Liver and Bile
Lancet. 2023;402(10408):1133-1146
Camrelizumab plus rivoceranib versus sorafenib as first-line therapy for unresectable hepatocellular carcinoma (CARES-310): A randomized, open-label, international phase 3 study
Background: Immunotherapy with immune checkpoint inhibitors combined with an anti-angiogenic tyrosine-kinase inhibitor (TKI) has been shown to improve overall survival versus anti-angiogenic therapy alone in advanced solid tumors, but not in hepatocellular carcinoma. Therefore, a clinical study was conducted to compare the efficacy and safety of the anti-PD-1 antibody camrelizumab plus the VEGFR2-targeted TKI rivoceranib (also known as apatinib) versus sorafenib as first-line treatment for unresectable hepatocellular carcinoma.
Methods: This randomized, open-label, international phase 3 trial (CARES-310) was done at 95 study sites across 13 countries and regions worldwide. Patients with unresectable or metastatic hepatocellular carcinoma who had not previously received any systemic treatment were randomly assigned (1:1) to receive either camrelizumab 200 mg intravenously every 2 weeks plus rivoceranib 250 mg orally once daily or sorafenib 400 mg orally twice daily. Randomization was done via a centralized interactive response system. The primary end points were progression-free survival, as assessed by the blinded independent review committee per Response Evaluation Criteria in Solid Tumours version 1.1, and overall survival in the intention-to-treat population. Safety was assessed in all patients who received at least 1 dose of the study drugs. The authors report the findings from the prespecified primary analysis for progression-free survival and interim analysis for overall survival.

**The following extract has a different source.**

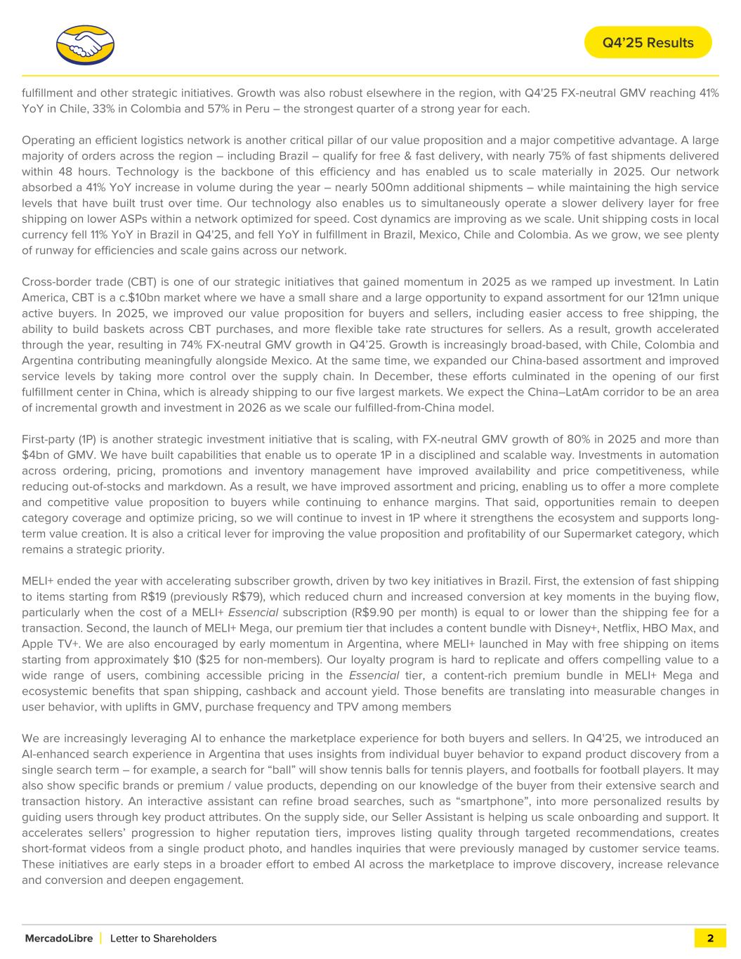 fulfillment and other strategic initiatives. Growth was also robust elsewhere in the region, with Q4'25 FX-neutral GMV reaching 41% YoY in Chile, 33% in Colombia and 57% in Peru – the strongest quarter of a strong year for each. Operating an efficient logistics network is another critical pillar of our value proposition and a major competitive advantage. A large majority of orders across the region – including Brazil – qualify for free & fast delivery, with nearly 75% of fast shipments delivered within 48 hours. Technology is the backbone of this efficiency and has enabled us to scale materially in 2025. Our network absorbed a 41% YoY increase in volume during the year – nearly 500mn additional shipments – while maintaining the high service levels that have built trust over time. Our technology also enables us to simultaneously operate a slower delivery layer for free shipping on lower ASPs within a network optimized for speed. Cost dynamics are improving as we scale. Unit shipping costs in local currency fell 11% YoY in Brazil in Q4'25, and fell YoY in fulfillment in Brazil, Mexico, Chile and Colombia. As we grow, we see plenty of runway for efficiencies and scale gains across our network. Cross-border trade (CBT) is one of our strategic initiatives that gained momentum in 2025 as we ramped up investment. In Latin America, CBT is a c.$10bn market where we have a small share and a large opportunity to expand assortment for our 121mn unique active buyers. In 2025, we improved our value proposition for buyers and sellers, including easier access to free shipping, the ability to build baskets across CBT purchases, and more flexible take rate structures for sellers. As a result, growth accelerated through the year, resulting in 74% FX-neutral GMV growth in Q4’25. Growth is increasingly broad-based, with Chile, Colombia and Argentina contributing meaningfully alongside Mexico. At the same time, we expanded our China-based assortment and improved service levels by taking more control over the supply chain. In December, these efforts culminated in the opening of our first fulfillment center in China, which is already shipping to our five largest markets. We expect the China–LatAm corridor to be an area of incremental growth and investment in 2026 as we scale our fulfilled-from-China model. First-party (1P) is another strategic investment initiative that is scaling, with FX-neutral GMV growth of 80% in 2025 and more than $4bn of GMV. We have built capabilities that enable us to operate 1P in a disciplined and scalable way. Investments in automation across ordering, pricing, promotions and inventory management have improved availability and price competitiveness, while reducing out-of-stocks and markdown. As a result, we have improved assortment and pricing, enabling us to offer a more complete and competitive value proposition to buyers while continuing to enhance margins. That said, opportunities remain to deepen category coverage and optimize pricing, so we will continue to invest in 1P where it strengthens the ecosystem and supports long- term value creation. It is also a critical lever for improving the value proposition and profitability of our Supermarket category, which remains a strategic priority. MELI+ ended the year with accelerating subscriber growth, driven by two key initiatives in Brazil. First, the extension of fast shipping to items starting from R$19 (previously R$79), which reduced churn and increased conversion at key moments in the buying flow, particularly when the cost of a MELI+ Essencial subscription (R$9.90 per month) is equal to or lower than the shipping fee for a transaction. Second, the launch of MELI+ Mega, our premium tier that includes a content bundle with Disney+, Netflix, HBO Max, and Apple TV+. We are also encouraged by early momentum in Argentina, where MELI+ launched in May with free shipping on items starting from approximately $10 ($25 for non-members). Our loyalty program is hard to replicate and offers compelling value to a wide range of users, combining accessible pricing in the Essencial tier, a content-rich premium bundle in MELI+ Mega and ecosystemic benefits that span shipping, cashback and account yield. Those benefits are translating into measurable changes in user behavior, with uplifts in GMV, purchase frequency and TPV among members We are increasingly leveraging AI to enhance the marketplace experience for both buyers and sellers. In Q4'25, we introduced an AI-enhanced search experience in Argentina that uses insights from individual buyer behavior to expand product discovery from a single search term – for example, a search for “ball” will show tennis balls for tennis players, and footballs for football players. It may also show specific brands or premium / value products, depending on our knowledge of the buyer from their extensive search and transaction history. An interactive assistant can refine broad searches, such as “smartphone”, into more personalized results by guiding users through key product attributes. On the supply side, our Seller Assistant is helping us scale onboarding and support. It accelerates sellers’ progression to higher reputation tiers, improves listing quality through targeted recommendations, creates short-format videos from a single product photo, and handles inquiries that were previously managed by customer service teams. These initiatives are early steps in a broader effort to embed AI across the marketplace to improve discovery, increase relevance and conversion and deepen engagement. MercadoLibre Letter to Shareholders 2 Q4’25 Results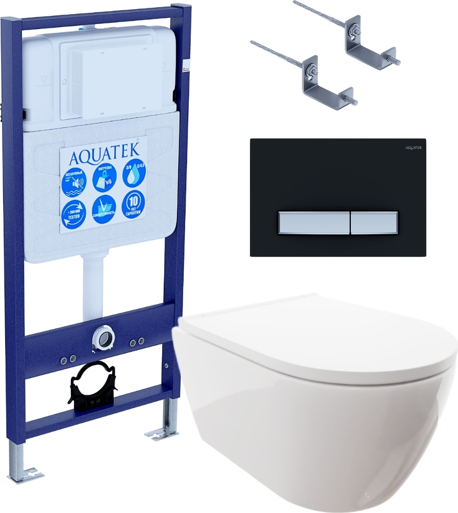 Комплект Aquatek: унитаз Поларис с микролифтом AQ0700-00, инсталляция Standart 50 INS-0000012, крепление, кнопка смыва Aquatek KDI-0000026 (черный матовый) Set Поларис-026 4в1

Findings: Between June 28, 2019, and March 24, 2021, 543 patients were randomly assigned to the camrelizumab-rivoceranib (n = 272) or the sorafenib (n = 271) group. At the primary analysis for progression-free survival (May 10, 2021), median follow-up was 7.8 months (interquartile range [IQR], 4.1–10.6). Median progression-free survival was significantly improved with camrelizumab-rivoceranib versus sorafenib (5.6 months [95% confidence interval {CI}: 5.5–6.3] vs. 3.7 months [95% CI: 2.8–3.7]; hazard ratio [HR] = 0.52 [95% CI: 0.41–0.65]; 1-sided p < 0.0001). At the interim analysis for overall survival (February 8, 2022), median follow-up was 14.5 months (IQR, 9.1–18.7). Median overall survival was significantly extended with camrelizumab-rivoceranib versus sorafenib (22.1 months [95% CI: 19.1–27.2] vs. 15.2 months [95% CI: 13.0–18.5]; HR = 0.62 [95% CI: 0.49–0.80]; 1-sided p < 0.0001). The most common grade 3 or 4 treatment-related adverse events were hypertension (102/272 patients [38%] in the camrelizumab-rivoceranib group vs. 40/269 patients [15%] in the sorafenib group), palmar-plantar erythrodysesthesia syndrome (33 [12%] vs. 41 [15%]), increased aspartate aminotransferase (45 [17%] vs. 14 [5%]), and increased alanine aminotransferase (35 [13%] vs. 8 [3%]). Treatment-related serious adverse events were reported in 66 patients (24%) in the camrelizumab-rivoceranib group and 16 (6%) in the sorafenib group. Treatment-related death occurred in 2 patients: 1 patient in the camrelizumab-rivoceranib group (i.e., multiple organ dysfunction syndrome) and 1 patient in the sorafenib group (i.e., respiratory failure and circulatory collapse).
Interpretation: Camrelizumab plus rivoceranib showed a statistically significant and clinically meaningful benefit in progression-free survival and overall survival compared with sorafenib for patients with unresectable hepatocellular carcinoma, presenting as a new and effective first-line treatment option for this population.